- Opening Delimiter -

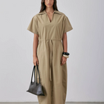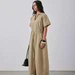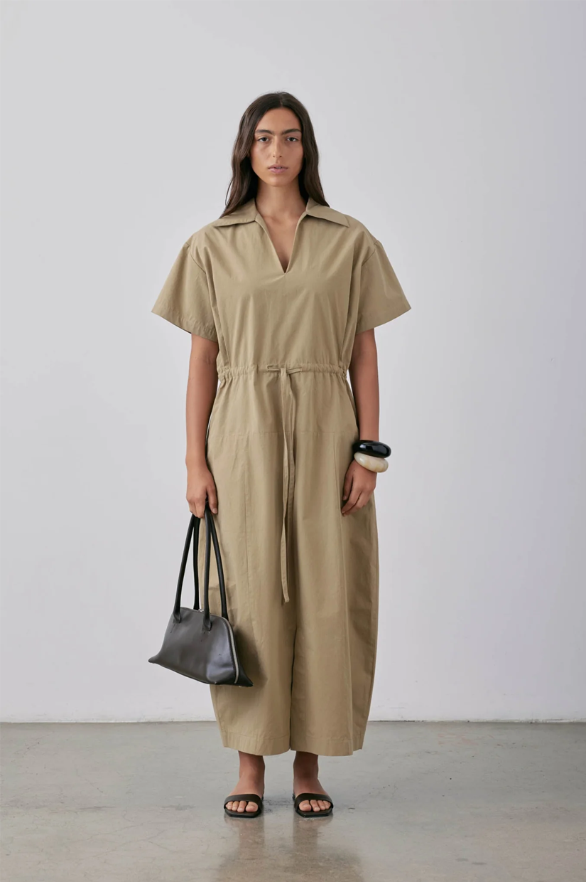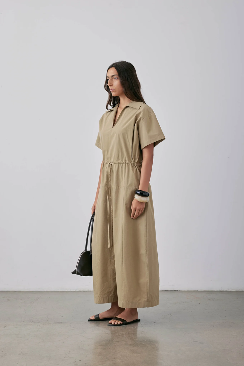 The Sion Dress SS25 is made from sand cotton poplin, delivering lightweight comfort. It features a spread collar, precise panelling, and a drawstring tie waist that allows for a customizable, tailored fit. This expertly designed dress combines refined details with functional style, making it versatile for warm weather wear while maintaining a polished appearance.
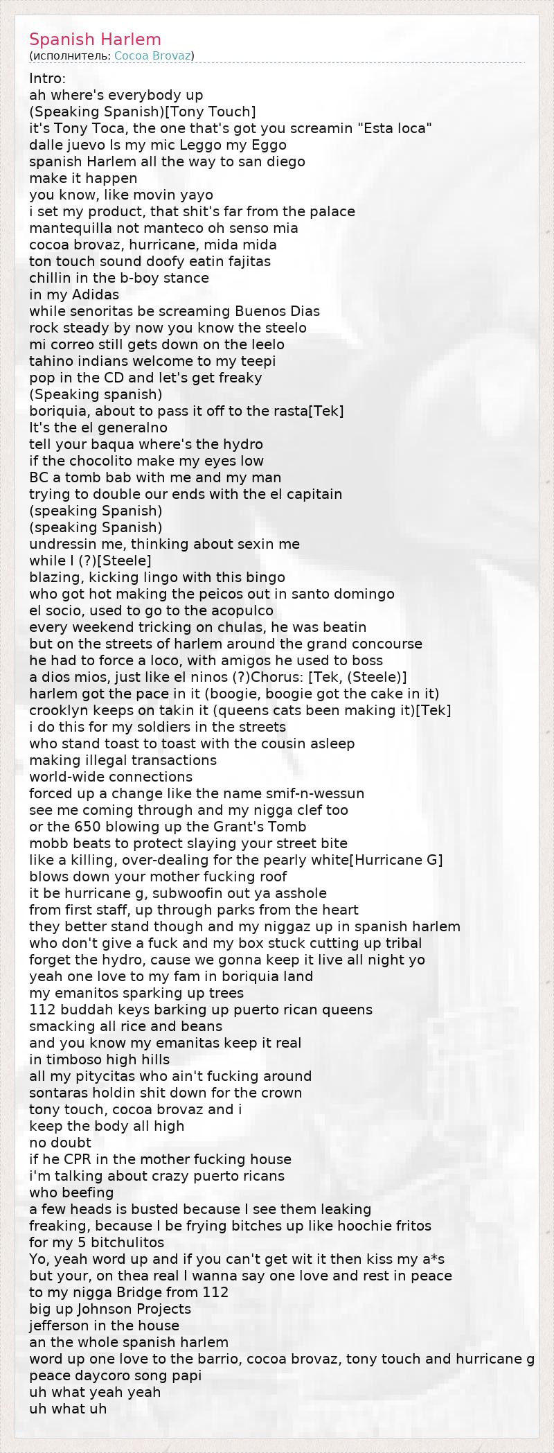 А как ты думаешь, о чем песня "Spanish Harlem" ?
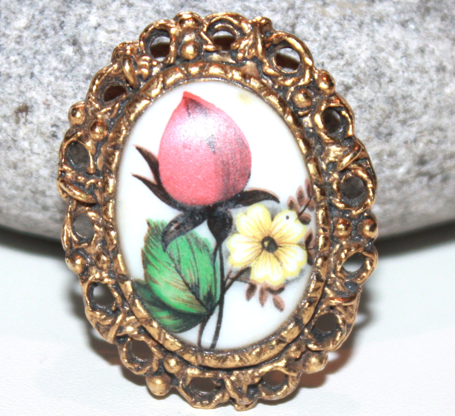 Mid Century Milk Glass Brooch / Framed Painted Floral Glass Brooch / Womens VIntage

- Closing Delimiter -

Task description
Copy out every line of the material above precisely, omitting the pictures.

Exercise output
 The Sion Dress SS25 is made from sand cotton poplin, delivering lightweight comfort. It features a spread collar, precise panelling, and a drawstring tie waist that allows for a customizable, tailored fit. This expertly designed dress combines refined details with functional style, making it versatile for warm weather wear while maintaining a polished appearance.
 А как ты думаешь, о чем песня "Spanish Harlem" ?
 Mid Century Milk Glass Brooch / Framed Painted Floral Glass Brooch / Womens VIntage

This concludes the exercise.